Over 2017-2022 Irkutsk – Bolshoye Goloustnoye* road (114 km) has been totally revamped and now open to traffic in its entirety.

*The village is a quite popular tourist destination sitting on Lake Baikal. 
















Link: Капитально отремонтировали последний участок дороги Иркутск – Большое Голоустное - IrkutskMedia


----------



## Dober_86

R-132, The Golden Ring road, a 7 km section in Ivanovo Oblast has been given a facelift and expanded to 4 lanes.








Link: Участок трассы Р-132 «Золотое кольцо» в Ивановской области открыли после капремонта


----------



## The Wild Boy

So the long term is to make the entire route to Vladivostok at most 4 lanes? That would be quite impressive, and this would easily become the world's longest 4 lane "collision - free" "motorway", which is very impressive.


----------



## ChrisZwolle

Speaking of Ivanovo, there is an unused cloverleaf just east of Ivanovo. It was built a decade ago. Apparently it's planned to become part of a bypass of Ivanovo.









Google Maps


Find local businesses, view maps and get driving directions in Google Maps.




www.google.com


----------



## Dober_86

The Wild Boy said:


> View attachment 4237931
> 
> 
> 
> So the long term is to make the entire route to Vladivostok at most 4 lanes? That would be quite impressive, and this would easily become the world's longest 4 lane "collision - free" "motorway", which is very impressive.


I don't see the point in this.
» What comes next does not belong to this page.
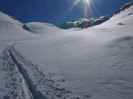 La parte alta ha una bella farina leggera, ma non c'è fondo, per cui si toccano pietre. Molto belli i pendii mediani, mentre l'ultimo pendio…

Very sparsely populated areas between Chita and Khabarovsk (Blagoveshchensk is located 170 km south from the road but the scale and precision of this map is missing this fact entirely) so the two lane road is more than enough there, anything more than that would be superfluous. But the four-lane one from Moscow to Irkutsk and between Vladivostok and Khabarovsk will make sense imo. Speaking of the latter, the road is partially there; A-370 Ussuri road is760 km long, and 167 km long stretch from Vladivostok northwards is already 6 to 4 lanes, and there's a short offshoot from Khabarovsk southwards which is just around 30 km long, so a quarter of A-370 is above a two-lane road status currently.


----------



## Aokromes

Updated the bypass of Pikalevo in the Leningrad region

We have completed major repairs on the A-114 site in the Boksitogorsky district with a year's advance.

We started the work last spring: we put the layers of the "road pie" in order, updated the road surface, markings and road signs.

Among other things, a barrier fence was installed and lighting lines were stretched for safe passage. And stops and sidewalks have been arranged for local residents.

The federal highway A-114 runs from Vologda to Novaya Ladoga through two regions: Leningrad and Vologda. During the Great Patriotic War, the highway was part of the land part of the "Road of Life". Now it is the shortest route from Vologda to St. Petersburg.









Росавтодор


Обновили обход Пикалёво в Ленобласти Закончили капремонт на участке А-114 в Бокситогорском районе с опережением на год. Работы мы начали прошлой весной: привели в порядок слои «дорожного пирога», обновили покрытие трассы, разметку и дорожные знаки. Помимо прочего, установили барьерное...




t.me


----------



## eucitizen

ChrisZwolle said:


> Speaking of Ivanovo, there is an unused cloverleaf just east of Ivanovo. It was built a decade ago. Apparently it's planned to become part of a bypass of Ivanovo.
> 
> 
> 
> 
> 
> 
> 
> 
> 
> Google Maps
> 
> 
> Find local businesses, view maps and get driving directions in Google Maps.
> 
> 
> 
> 
> www.google.com


If you go here: ROADS.RU - карта объектов дорожного строительства России. Схемы строящихся развязок Москвы и Московской области and look at Ivanovo you can see that there is a project of an eastern bypass in 1B category. Clicking on that thread, I found out this article (google translate can help):
Проектирование восточного обхода города Иванова задерживается на год . It is from beggining of this year, andthey write that at the earliest they can start building it next year.


----------



## sponge_bob

The Wild Boy said:


> So the long term is to make the entire route to Vladivostok at most 4 lanes?


Considering the 2 lane highway was only finished 10 years ago, in the middle of that road north of Mongolia, I consider that unlikely. There was some talk in recent years of a "Meridian" highway which would parallel the M12/M11 further south and would run roughly Kazakhstan-Belarus via perhaps a Saratov to Bryansk alignment in Russia, the straightest route from Shanghai/Beijing to Hamburg and less weather dependent.

But for now the task is building the rest of the orange bit, Kazan-Yekaterinburg, which has already started in some parts and some 50km city bypasses further east, normally with a major river crossing given where Siberian cities are located.


----------



## Aokromes

The Chuysky tract in the Altai Territory has become even safer

We continue to actively develop the network of federal highways — work is underway on the most important and promising segments.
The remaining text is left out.